El resultado de mi labor ha sido un registro sistemático de las prácticas, discursos y relaciones de las personas que integran las asociaciones, así como de los responsables institucionales del CMPM. He organizado dichas prácticas, discursos y relaciones atendiendo a los distintos contextos en que estas personas interactúan. Posteriormente, he comparado las prácticas y discursos registrados en los distintos contextos, con el objetivo de dar cuenta de sus posibles variaciones. A continuación analizo datos etnográficos de tres tipos: discursos — sobre el CMPM, sobre las asociaciones y sobre las culturas de los inmigrantes —, prácticas — dentro y fuera del CMPM — y relaciones sociales — dentro y fuera del CMPM. Mi intención es contrastar los discursos que justifican el CMPM desde las instituciones con los efectos que esta iniciativa genera en las redes asociativas de los inmigrantes.

 

Inmigración latinoamericana y políticas de integración en Sevilla: contextualización del CMPM

Los últimos años del siglo XX marcan un punto de inflexión en la dinámica de flujos migratorios de todo el Estado español. Los flujos de entrada se disparan y España se consolida en poco tiempo como país de inmigración. Lo acelerado del proceso no sólo se refleja en el aumento neto del número de inmigrantes, sino también en la diversificación de los flujos en cuanto a las zonas de procedencia. Los inmigrantes de origen latinoamericano pasan a conformar en pocos años varias de las más importantes minorías inmigrantes. Colectivos como el ecuatoriano, el peruano y el colombiano, y más recientemente paraguayos y bolivianos, han contribuido especialmente a consolidar la inmigración latinoamericana como un fenómeno demográfico de primer orden.

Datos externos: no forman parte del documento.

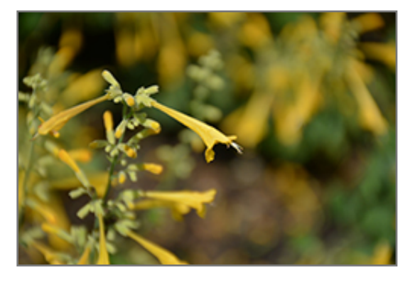
Arizona Sun Hyssop flowers
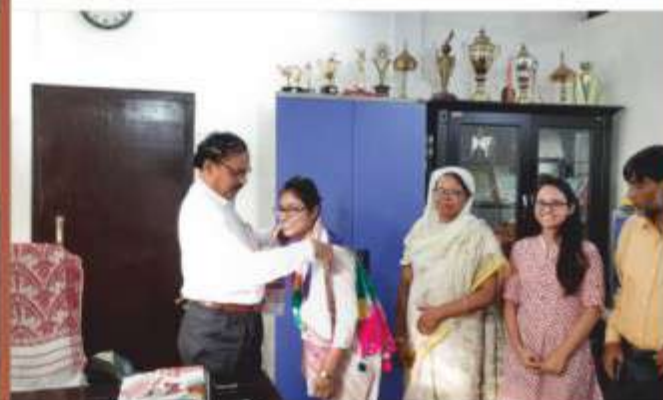
Felicitation to NET Qualifiers
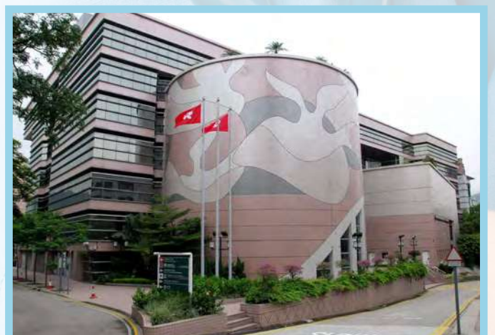
Hong Kong Hospital Authority Head Office
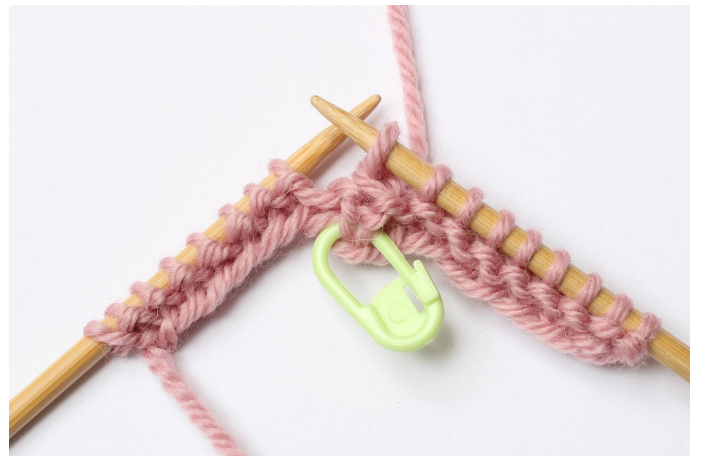
6. Pull or lift the slipped s over the knitted sts.
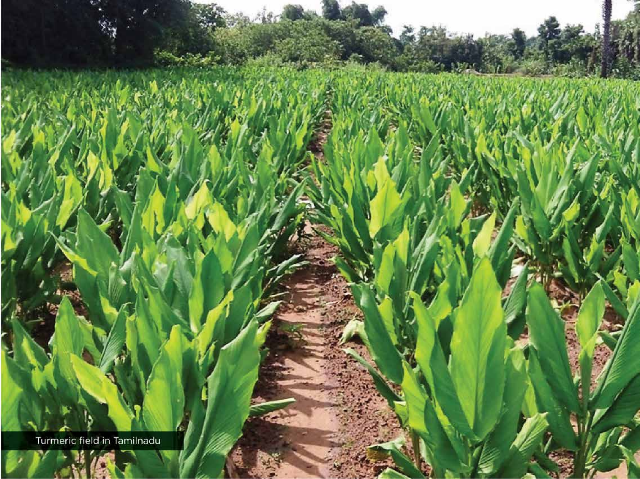
Turmeric field in Tamilnadu
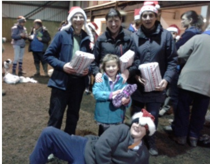
Above: Christmas Party winners: Well Done Yellow Team! Below: The Green Team very pleased with the wooden spoons!
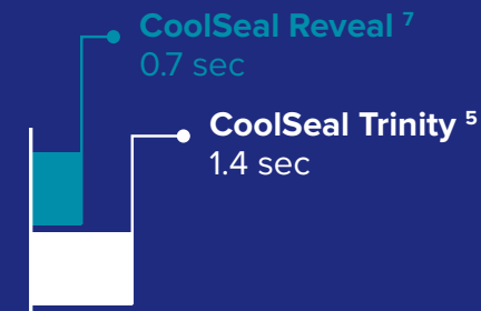
Average seal time per device

CoolSeal devices produce consistently strong, secure seals in under 2 seconds
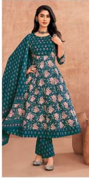
D No. 1108
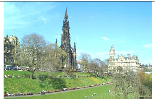
The Scott Monument, Edinburgh
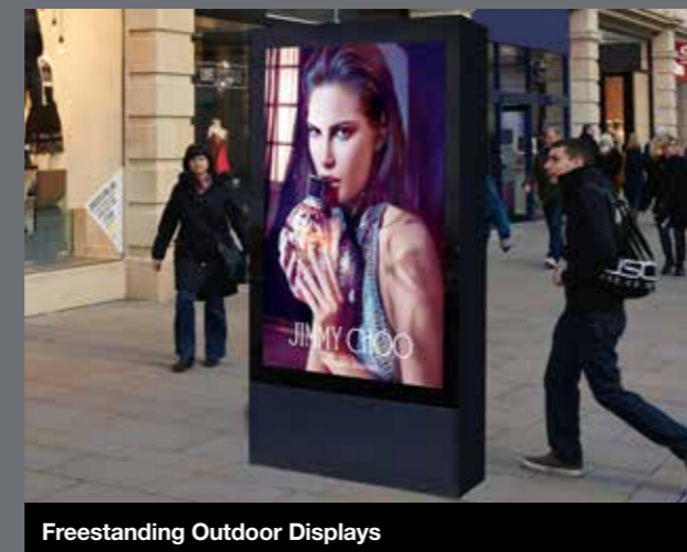
Freestanding Outdoor Displays

Following Future Systems's 40+ year experience in the design and manufacture of exterior digital displays for public transport environments and the subsequent successful roll out of digital outdoor advertising displays at locations throughout the World over the last 10+ years, Future Systems has continuously innovated its digital display range to ensure optimum performance and reliability.

Este fuerte crecimiento de la presencia latinoamericana coincide en el tiempo — y no casualmente — con una doble tendencia en las políticas migratorias españolas. De un lado, el endurecimiento de la política fronteriza, siempre bajo control de las autoridades centrales; de otro, una incipiente política de integración de inmigrantes, en la que llevan la iniciativa los organismos autonómicos y municipales (López de Lera, 2008). Si la primera ha seguido una tendencia constante e inequívoca hacia el blindaje de las fronteras, las segundas presentan una evolución discontinua, en la que el cariz de las iniciativas políticas varía considerablemente dependiendo del municipio o del partido de gobierno.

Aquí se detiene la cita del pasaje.